В вихре событий, за тысячами забот, середи приказов по армии, депутаций, выходов, совещаний, я не забыл, однако же, и своей подруги, с которою не видался уже два месяца. Депеша отправлена была к ней в тот же вечер. Зная кое-какие слабости этой особы, я выражал в ней надежду, что Фей, во всяком случае, не будет очень огорчена известием, что она теперь королева, и рассказал ей подробно, как это так случилось. За сим: «если тебя не очень это отяготит, дружочек, — писал я, — то сделай милость, не поленись, приезжай сюда тотчас же, ибо ты понимаешь, как я горжусь своей королевой и как мне не терпится показать ее армии и народу…» Но она была умная женщина и за эту депешу, при первом свидании, надрала мне уши.

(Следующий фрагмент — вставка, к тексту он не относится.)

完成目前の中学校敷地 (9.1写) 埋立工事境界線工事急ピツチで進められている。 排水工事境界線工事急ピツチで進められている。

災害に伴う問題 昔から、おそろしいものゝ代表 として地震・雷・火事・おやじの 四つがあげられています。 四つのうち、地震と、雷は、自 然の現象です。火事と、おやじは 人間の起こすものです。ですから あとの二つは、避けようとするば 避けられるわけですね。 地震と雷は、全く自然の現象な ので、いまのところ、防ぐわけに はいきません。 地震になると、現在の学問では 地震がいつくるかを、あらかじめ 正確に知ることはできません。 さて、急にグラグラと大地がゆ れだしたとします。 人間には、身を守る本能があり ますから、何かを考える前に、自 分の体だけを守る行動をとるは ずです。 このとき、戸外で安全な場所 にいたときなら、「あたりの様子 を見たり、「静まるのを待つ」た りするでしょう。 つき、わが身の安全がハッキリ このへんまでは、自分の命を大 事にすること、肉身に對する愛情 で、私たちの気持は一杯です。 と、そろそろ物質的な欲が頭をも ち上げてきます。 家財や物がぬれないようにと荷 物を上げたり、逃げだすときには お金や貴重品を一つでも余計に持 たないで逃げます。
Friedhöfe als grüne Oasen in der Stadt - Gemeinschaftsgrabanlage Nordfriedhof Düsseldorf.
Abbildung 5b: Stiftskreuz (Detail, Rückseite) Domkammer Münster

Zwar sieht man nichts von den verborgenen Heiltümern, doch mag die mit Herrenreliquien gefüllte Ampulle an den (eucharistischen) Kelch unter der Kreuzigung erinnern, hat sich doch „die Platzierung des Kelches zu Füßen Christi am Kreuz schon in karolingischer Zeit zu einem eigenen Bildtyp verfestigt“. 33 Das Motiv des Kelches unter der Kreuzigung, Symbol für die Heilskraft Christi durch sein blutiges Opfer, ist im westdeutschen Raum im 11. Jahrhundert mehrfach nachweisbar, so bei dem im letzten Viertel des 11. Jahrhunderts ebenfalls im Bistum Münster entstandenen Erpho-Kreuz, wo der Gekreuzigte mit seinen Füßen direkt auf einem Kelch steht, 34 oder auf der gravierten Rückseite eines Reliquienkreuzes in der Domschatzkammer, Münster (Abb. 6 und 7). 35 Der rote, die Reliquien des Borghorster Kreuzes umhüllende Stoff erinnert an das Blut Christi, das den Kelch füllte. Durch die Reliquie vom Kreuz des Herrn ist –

Никогда она не была так прелестна, как в день ее первого выхода по прибытии. В белом атласном платье, убранном кружевами, и в небольшой, осыпанной дорогими камнями короне (милая Фей! она не забыла ее заказать и привезти с собой, в саквояже), — гордая, радостная, сияющая молодостью, здоровьем и красотой, она встречена была оглушительными приветствиями, — дома увешаны были флагами и коврами, путь усыпан цветами, — народ, офицерство, армия не могли довольно налюбоваться своей королевой. Вечером, небольшой уездный город, где квартировал наш главный штаб, сиял бесчисленными огнями иллюминации и при дворе назначен был, в честь приезда, парадный бал…
Но еще до приезда Фаимы, утром, я получил письмо, которое несколько меня озадачило.
Оно было от Ширма:
«Бросьте немедленно все, как бы оно ни казалось вам важно, и приезжайте в Оризе [6] . Вы найдете меня без труда в единственной городской гостинице… Срок истекает сегодня ночью, в 3 и 16 минут, по меридиану Пулковской обсерватории, а по-здешнему в 6, и нет никакой возможности его пропустить. Так или иначе, вы должны покинуть сегодня Ванзамию; но… я желал бы спасти вас от неприятности, которая вас ожидает в случае, если вы это забудете. Ширм».
6
Маленький городок, недалеко от места расположения нашего авангарда, на границе штата. (Примеч. автора)
Это произвело на меня неприятное впечатление «Мартовских ид». Но все что практически связано было с обстановкой прибытия моего в Ванзамию, равно как и все предыдущее, до такой степени улетучилось у меня из памяти, что на месте, где это должно было быть, образовался какой-то бланк, — нечто напоминающее два зеркала, поставленные друг против друга, и взор созерцающий в них бесконечную перспективу рамок без всякого содержания, короче, — нечто такое, о чем и думать нельзя, потому что оно само — ничто.
«Чего от меня добивается этот шут? — ворчал я, смяв и засовывая в карман письмо. — Уж не шантаж ли затеял с целью выманить у меня что-нибудь за молчание?.. Какое-нибудь местечко по интендантской части?.. Ну, да черт с ним, пусть ждет…» И минуту спустя это вылетело уже из головы.
VIII
Съезд только что начался, когда я был вызван дежурным штаб-офицером из свиты… Что там?.. Из авангарда курьер с известиями… Неприятельские разъезды видны и от лазутчиков сведения: сильный кавалерийский отряд на расстоянии часа езды от лагеря… Дело безотлагательное и я не мог его поручить никому, так как сильно не доверял авангарду. Корпусный командир и несколько человек из штаба были приглашены на бал, но при таких обстоятельствах их нельзя было ожидать… Я приказал задержать до дальнейших распоряжений курьера, а между тем немедленно оседлать лошадей и выставить шесть человек конвойных.
— Фей, — сказал я жене, в свою очередь вызвав ее, — я вынужден отлучиться по важным делам и может быть не вернусь так скоро, как я бы желал; но нет никакой нужды расстраивать из-за этого бал. Извинись за меня, не делая виду, что я уехал. Скажи коротко, что я занят и скоро вернусь.
Она была очень встревожена и упрашивала меня сказать, что такое; но я уверил ее, что ничего особенного и что мне лично не предстоит никакой опасности… Мы обнялись, — увы! — не предчувствуя вечной разлуки!.. Фей проводила меня на крыльцо. Оно находилось с другой стороны, на дворе, и конвой сидел уж в седле.